Secondly, I calculated how each team performed over those games with respect to certain variables. The variables that were calculated were even strength Corsi with the score tied, overall goal ratio (with empty net and shootout goals excluded), and winning percentage. Winning percentage was defined as WINS/(WINS+LOSSES). Games that ended in a shootout were considered ties, and were therefore not included in the calculation.
I then randomly selected a second, independent group of games. That is, if a game was included in the first grouping, it was not eligible for selection in the second grouping. As with the first grouping, an equal number of home and road games were selected for each team.
I then determined how each team did in terms of winning percentage over this second group of games, and looked at how each of the three variables calculated in relation to the first group correlated with winning percentage in the second group.
The relationship between the size of the two groups can be expressed as y=(80-x), where x represents the number of games included in the first group, and y the number of games in the second group. So, for example, if 20 games were selected for the first group, the second group would consist of 60 games. Ultimately, I elected to use x values of 20, 30, 40, 50, 60 and 70.
The raw data used was from the 2007-08, 2008-09 and 2009-10 regular seasons. The table included below shows the results for each individual season, as well as the average results. The values represent the average correlation over 1000 calculations.
A couple points:
- Corsi Tied is the best predictor of how a team will perform over the remainder of its schedule, regardless of the point in the schedule at which the calculation occurs.
- Corsi Tied is only marginally more predictive of future success than goal ratio or winning percentage when looking at samples of 60 games or more. In other words, as the sample size becomes increasingly large, there are diminishing returns with respect to the predictive advantage of Corsi. By the end of the season, all three variables seem to predict future success equally well
- The above fact has implications in terms of determining playoff probabilities at the team level, with the results suggesting that a composite metric would work best
- The aggregate values for Goal Ratio and Winning Percentage are remarkably similar. The implication is that once shootout results are controlled for, winning percentage is as good of a measure of a team as goal ratio is
Next up: Score Effects and Minor Penalties.

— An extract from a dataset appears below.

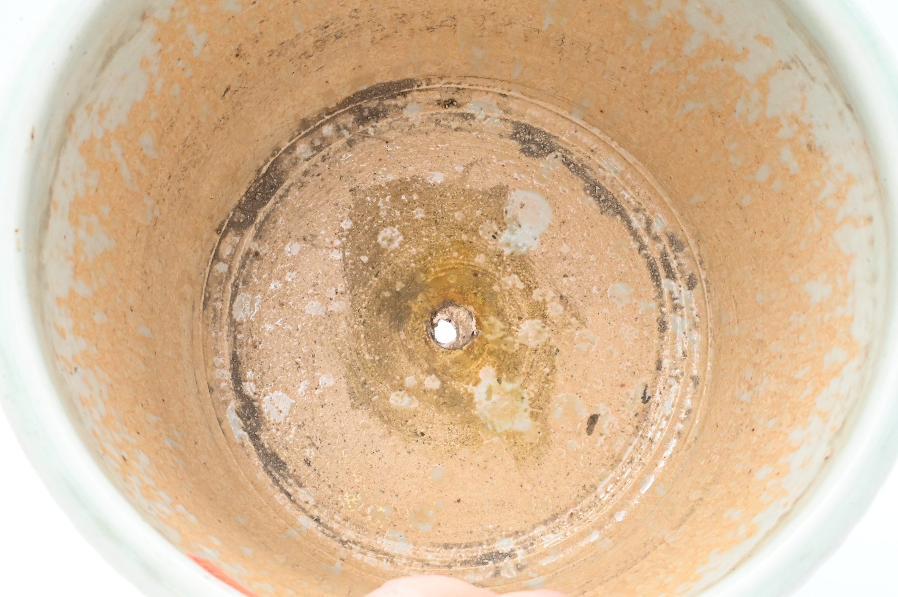 of slight tapering body with bamboo tree design with ribbon, drainage hole

*Some readers may have observed that the split-half reliability of goal ratio (0.417) was lower than the predictive validity co-efficients for both Corsi Tied (0.444) and Fenwick Tied (0.429). The implication is this is that the two latter variables are better able to predict goal ratio from one half of the schedule to the other than goal ratio is itself.
** I should note that this method was actually developed and first used by Vic Ferrari. See here.
Scott Reynolds had a question in the comments section on how the results would differ if we looked at future EV performance rather than overall performance. Using the same method as the one described above, I looked at which of EV Corsi Tied and EV goal ratio (empty netters removed) was better able to predict future performance at even strength (which I operationalized as future EV goal ratio). Here are the results:
The results aren't too different - Corsi Tied is a much better predictor early in the schedule, but the two measures have about the same predictive power by the end of the year.